Though ‘Bechara Zamindar’ could not be widely read by the rural population, its message was communicated by, among others, the bhajniks. Its appeal was further enhanced because the allegories and stories, along with the dialect, were rooted in the belief system and culture of the Jats (and peasants in general).

Relations with the British

There was an ambivalent relationship between Sir Chhotu Ram and the British, an aspect ignored by historians who have studied his role within the framework of military loyalism and imperial patronage in Punjab. These historians view the Jats as the mainstay of imperial authority in Punjab and regard Chhotu Ram as the spokesman of the rich and middle peasants. The reality, however, is that he was primarily concerned with the plight of the deprived, the downtrodden and the neglected.

He responded to imperial structures and forged tactical alliances with the British and with other agriculturists to further the combined interests of Hindu, Muslim and Sikh Jats and consolidate the cultural and territorial identity of Haryana Jats.

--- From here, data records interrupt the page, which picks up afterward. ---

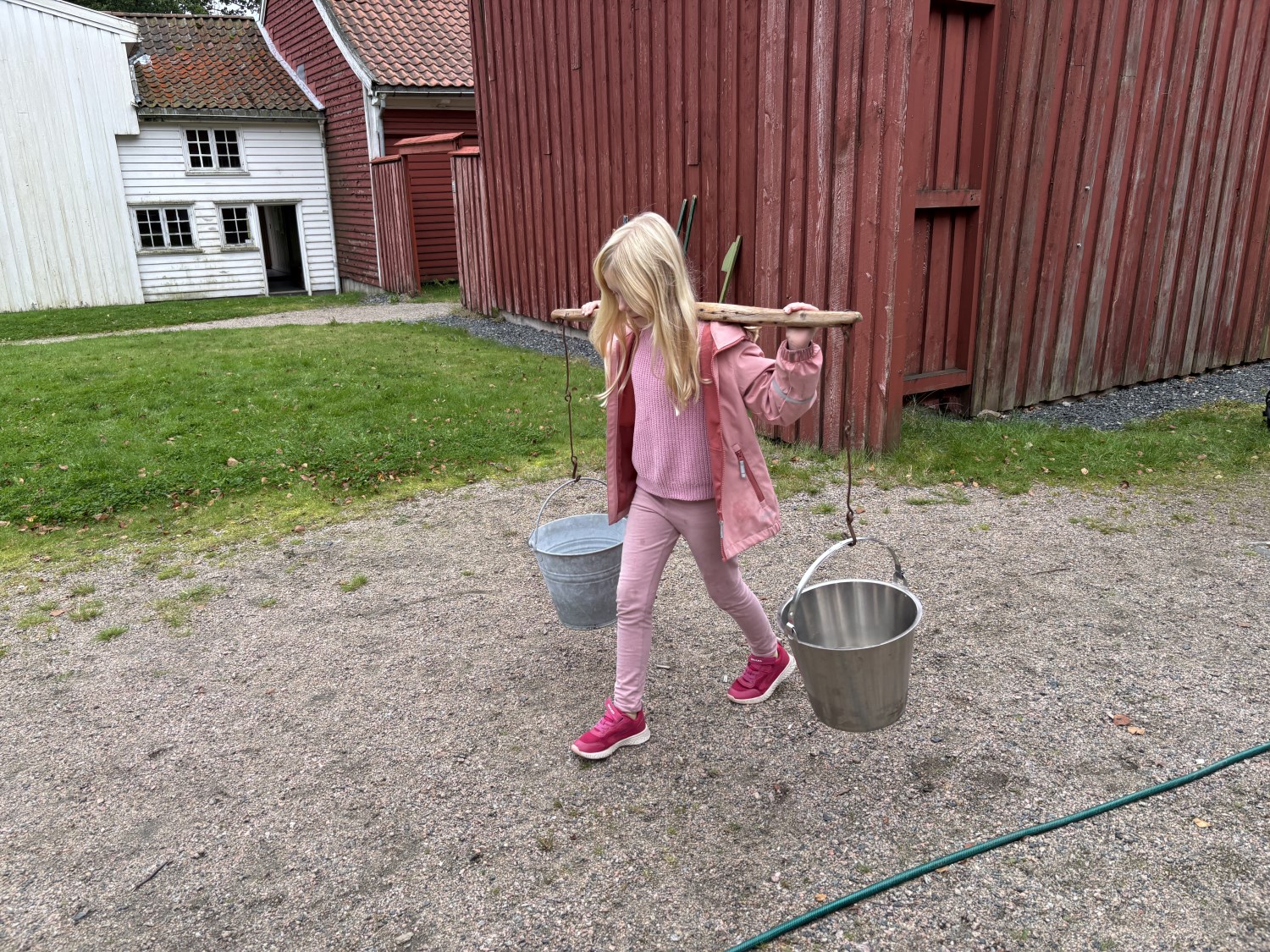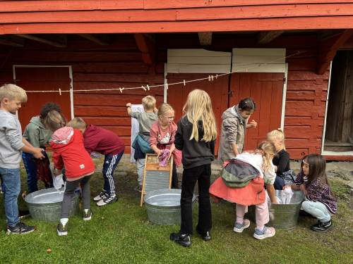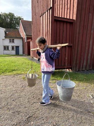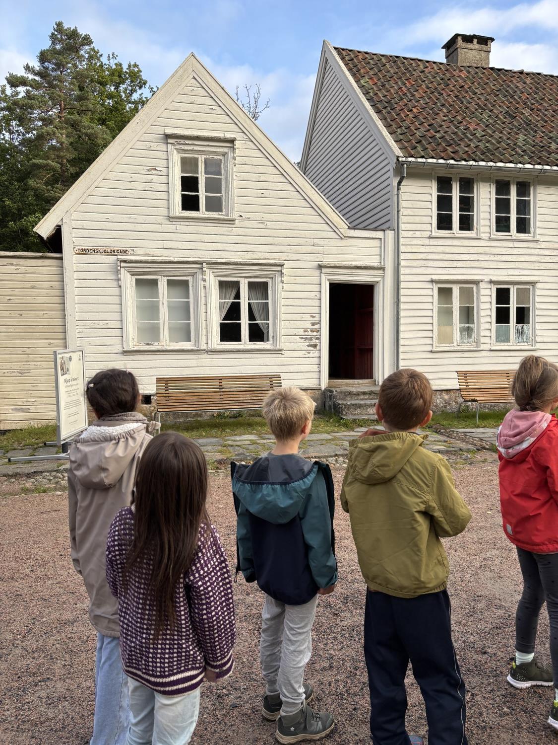Som en førinnlæring til «vi i verden»-temaet, besøkte vi Vest-Agder museet på Kongsgård rett før høstferien. Der fikk elevene et innblikk i hvordan det var å leve i Kristiansand i gamledager.
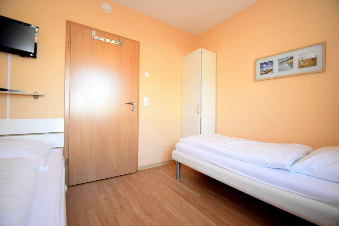 Das eine Schlafzimmer ist mit einem Doppelbett und TV ausgestattet, das andere Schlafzimmer , verfügt über 2 Einzelbetten mit TV .
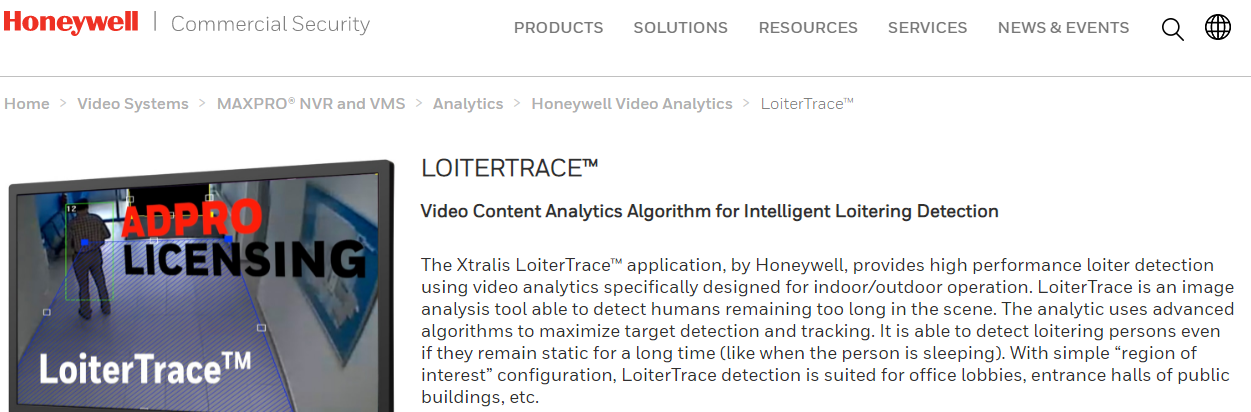 The Xtralis LoiterTrace™ application, by Honeywell, provides high-performance loiter detection using video analytics specifically designed for indoor/outdoor operation. LoiterTrace is an image analysis tool able to detect humans remaining too long in the scene. The analytic uses advanced algorithms to maximize target detection and tracking. It is able to detect loitering persons even if they remain static for a long time (like when the person is sleeping). With a simple “region of interest” configuration, LoiterTrace detection is suited for office lobbies, entrance halls of public buildings, etc. LoiterTrace is now available for server platforms and edge devices. Supporting up to 32 channels on ADPRO® devices and up to 8 channels on HeiTel devices, LoiterTrace complements the powerful recording, transmission, alarm handling and flexible licensing capabilities of these established platforms with high-performance video loitering detection.

Sir Chhotu Ram was equally vocal in assailing the pre-colonial state for its unjustifiable claims over land. He critized the British for reinforcing pre-colonial principles of ‘darkness’ by claiming ownership of land.By putting forth his own conception of peasant identity, he moved away from the prevalent political rethoric of the Unionist Party (between 1925 and 33), which was primarily concerned with the greater employment of zamindars in government service.

He argued that a peasant was called a peasant by virtue of his ownership of the land. He also demanded the recognition of women as cultivators.

By the 30s, he was disenchanted with the colonial state. His pronouncements disturbed officials in Punjab who went so far as to accuse him of spreading socialism among peasants. The Punjab legislative council also came in for criticism for its lack of concern for the peasant. He said, “our brothers (especially in the Punjab council) were no better in so far as they supported the false claims of the government (in this regard).”

While recognizing the role of the colonial state in the life of the peasant, Sir Chhotu Ram exposed the government’s discriminatory policy towards agriculturists, and their lack of representation in public services.